WILDER — Several students giggled and at least one gasped when high school English teacher Charles Abel told them how their new iPads would transform education.
“As of tomorrow, when you come into class, you will no longer need paper or pencils,” Abel told them. “From this moment forward, we will be working through this (iPad).”
Students, educators and parents in Wilder have been waiting for years for the type of transformation Abel described. The moment finally arrived Wednesday, when each of Wilder’s 450 K-12 students received an iPad courtesy of an Apple ConnectED grant and a partnership with the White House.
Under the program, Apple pledged $100 million and is donating an iPad to every student in 114 underserved school districts across the country.
Wilder Superintendent Jeff Dillon has been pushing for years to put computing devices into his students’ hands. The district missed out on the state’s technology pilot program grants, but finally cashed in through the ConnectED grants, a rollout process that dates back at least to July 2014.
“We have to look beyond the traditional classroom with these devices,” Dillon told the students during a morning assembly. “We weren’t just going to put these devices in your hands and replace the textbooks with these devices. We want different and new opportunities for you.”
Wilder, located in Canyon County, is one of Idaho’s poorest districts. During 2014-15, almost 94 percent of students qualified for free or reduced-price lunch. According to student surveys, up to 60 percent of the district’s families do not have access to home Internet.
For the rest of this year, Dillon and middle school-high school principal Tim Jensen want students to become comfortable with the new devices.
But when the first bell rings next fall, it’s full speed ahead. Dillon said the devices are a major component to Wilder’s application to test a mastery-based system of education — where students move through school based on subject knowledge, not seat time.

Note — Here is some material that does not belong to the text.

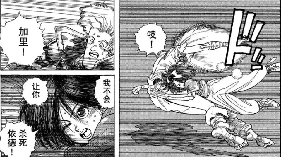 在这里,加里是蘸着地下的煤油在脸上画了两个痕迹,但在ova和电影中,加里都是因为马卡克杀死了一只狗狗而被激怒,蘸着狗狗的鲜血化身为战斗天使的。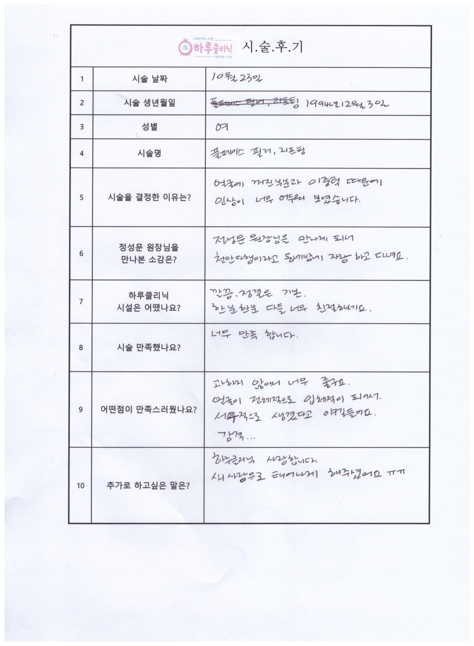 하루코,리프팅,필러

On Tuesday, just 24 hours before the iPad rollout, state officials said Wilder was one of 19 Idaho schools or districts to apply for the mastery pilot program.
Dillon and Jensen say the devices will allow students to learn at their own pace. They also plan to use the devices to unlock the potential of several new academic programs, including a 3D lab, an animation studio and drone-based community agriculture program. All will be housed within the district.
Dillon and Jensen also plan to move away from letter grades, put an end to class periods, change educators’ work title from “teachers” to “mentors” and move toward project-based learning.
“One of the biggest problems Wilder had was always been being behind on money and our size and economy,” Abel said. “That’s always meant we’ve had out-of-date textbooks or not enough (classroom materials) and that’s made students suffer. Now, we’re giving them the entire world.”
Senior Mikayla Lincoln was excited to receive her iPad. She bragged about how it came preloaded with a NASA app, which she plans to reference and cite when she travels to Washington, D.C., to speak to NASA about climate change during at a 4-H convention.
Although Lincoln graduates this year, she predicts students at Wilder will embrace the iPads.
“The program is really going to grow and expand,” Lincoln said. “In the next few years every student will be really integrated in using them and using them to the best of their ability.”
To say Wednesday’s rollout was the biggest event in town would be an understatement. As guests pulled into Wilder that morning, the marquee above a local business was updated to welcome Gov. Butch Otter and the delegation from Apple.
Inside the packed Wilder gymnasium, Rep. Wendy Horman, R-Idaho Falls and Sen. Steven Thayn, R-Emmett, mingled with educators. STEM Action Center Director Angela Hemingway, Melba superintendent Andy Grover, Rob Winslow from the Idaho Association of School Administrators and several representatives from Otter’s office and the State Department of Education also turned out.
Even with the extra crowd, the gym was awash in a sea of purple as teachers and students dressed up in school colors.
Under Apple’s ConnectED program, Wilder Middle School-High School and Wilder Elementary were the only two Idaho schools receiving iPads. That fact wasn’t lost on Otter, or the Wilder residents who seemed to embrace their moment in the limelight.
“Do well with it and I know you will because, Wilder, all Idaho eyes are on you,” Otter said.